作品タイトル不明
91 牛なら出来ると思います!(3)
どうすべきか。
ハルムは、畑の柵に寄りかかり、頭を働かせていた。
オエグさんに、牛を借りる方法。
目の前の元々畑だった場所は、雑草でいっぱいだった。
数年放置された土地は、どうしても根が張っていることだろう。
幸い、大きな木のようなものはないが。
どうしても耕す時、牛がいなくては大変だ。
牛に車を引いてもらい、土を耕すことができれば、豆を植えることもそう難しいことではないだろう。
三頭いるなら、一頭を休ませて、二頭で引かせるのがいい。
どれだけ働けばどれだけ牛の身体に影響があるのかは、正直ハルムも想像が出来ないところだった。
オエグさんと村長を呼んで、話し合いをすべきだろうな。
その前に商人にでも聞いて、知識か農耕の本を手に入れられるように手配してみるか。
そんなことをツラツラと考えていると、離れたところにアセリアが見えた。
スカートをひるがえし歩いている。
後ろに編んだ三つ編みが、ぴょこぴょこと跳ねる。
子供の頃から一緒にいたはずなのに、スカートをひるがえして歩いているところを見るなんて初めてのことだった。

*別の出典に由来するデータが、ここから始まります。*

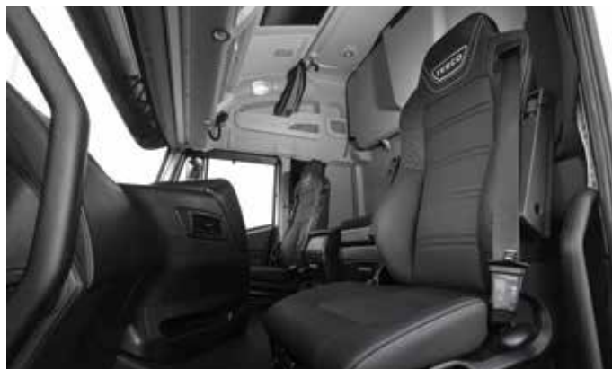
Stralis X-Way AS-L Prime Mover interior

公爵令嬢には、王子の婚約者には、そんな歩き方は許されなかった。
「お嬢……」
声を掛けようとしたところで、アセリアが一人ではないことに気付く。
一緒にいたのは、バルドだった。
あいつ、またアセリアにちょっかいを……。
大股で近付いていくと、
「牛か!」
バルドの大きな声が聞こえた。
牛の話をしてるのか。
アセリアが、ツンとしたかと思うと、呆れたようにバルドを見る。
……なんか、仲良くなってないか?
声を掛けそびれていると、バルドの大きな声が、ハッキリと聞こえた。
「俺、そんな短い期間なら、牛乳は我慢できるからさ。ちょっとオエグさんとこ行ってくるよ!」
そんな、簡単なことじゃないだろ。
村全体の問題なんだ。
育ち盛りの子供に何日も牛乳を飲ませなくてもいいなんていう人間が、この村にどれだけいるのか。
「あ、ハルム」
アセリアがこちらに気付き、にっこりと笑顔を見せる。
「お嬢様、今のは……」
「牛の話をしたら、大騒ぎして行ってしまいましたわ」
そんな呆れ声を出すアセリアに、ムカムカしたりして。
ああ、もう!引っ掻き回されちゃたまんないんだよ!
慌てて、バルドが行った方角へ走った。
村の広場の方だった。
アセリアも後ろからちょこちょこと追いかけてくる。
広場まで行くと、バルドは子供たちと一緒にいた。引き連れていた、というより、従えていたといった方がしっくりくるだろうか。
「我慢できるもんなー!」
「おー!」
なんて話をしているところを見ると、すでに広場にいた連中は、牛の話を知っているようだった。
大人たちは、苦笑して見守っているようだった。
そんなに言いふらして……!
バルドたちが牧場へと進軍していく。
けれど結果的に、バルドが牧場まで行くことにはならなかった。
広場のそばに、ちょうどオエグさんが顔を出したのだ。
「牛のこと聞いたよ!オエグさん!」
バルドのでかい声が、広場に響いた。
「ああ、そうなのかい。けど、牛の健康を考えると、そう易々と首を縦に振るわけにはいかんさ」
そんなオエグさんに、声を上げたのは、やはりバルドだった。
「俺、牛乳しばらくの間さ、我慢できるよ!」
「何言ってんだい。バターやらにもしないといけないってのに」
「我慢できるよ!」
「俺も!」
「わたしも!」
そこでわっと騒ぎ出したのは、周りにいる子供たちだ。
言うだけなら、誰にだってできるだろ。
そんな簡単なことじゃ……。
けれど、オエグさんは困った顔で、笑ったのだ。
ハルムの足は、もう走ることはできなかった。
だってそんな簡単なことじゃ、ないはずだったんだ。